Organic animal farming is unique in its focus on animal welfare. Standards of animal welfare state that animals must have access to the outdoors (free range) and must not have growth hormones or routine antibiotics in their feed. As such, conditions in organic livestock farms are very humane. Many conventional animal farmers still keep their animals free-range but may not adhere to the same welfare standards as organic animal farmers.
Organic foods are generally considered natural because of their focus on sustainable and environmentally friendly food production. The reverse is not always true though; while many natural foods can be organic, others might not be.
Both organic and natural foods can be used as part of a healthy diet. That said, organic foods are free from synthetic chemicals and GMOs, which makes them that little bit healthier than natural food.
The word ‘natural’ is not a regulated term in the same way that ‘organic’ is, which means that it is used a lot more liberally. This can give the impression that producers will just label their food as natural without proving their claim, but in many cases, the label is correctly applied.
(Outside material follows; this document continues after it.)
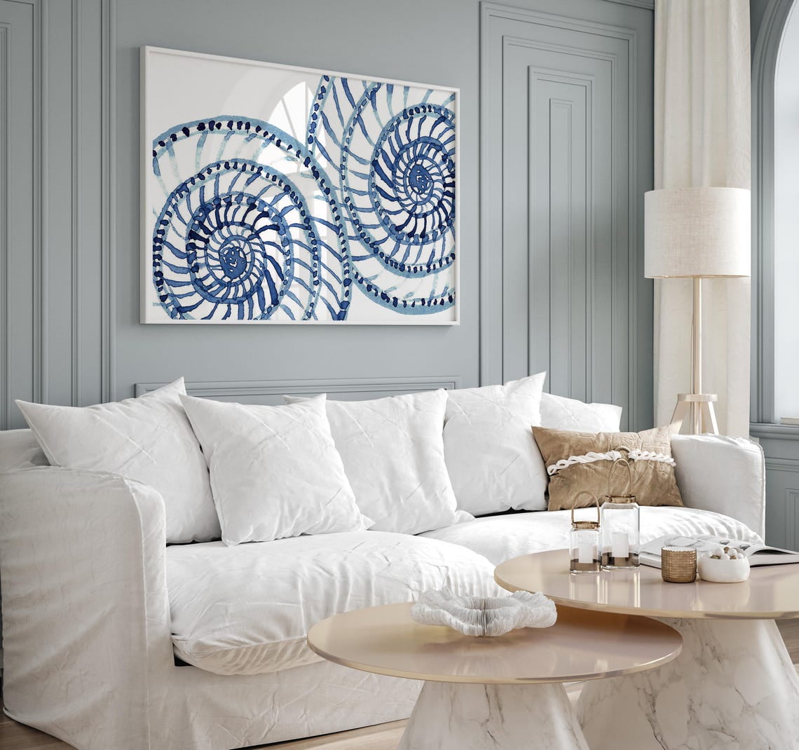Blue Sea Shell Abstract Art Print Poster Coastal Beach House Decor ...

Organic and natural food might not seem too different from one another at a glance, but there are subtle differences. These are mostly to do with careful regulation of production methods and farming practices – organic farming keeps more nutrients in food by using fewer processing methods than natural food, which means that organic food can have more health benefits. Knowing the difference between organic and natural food, and how to choose the right food for you, is vitally important in your wellness journey.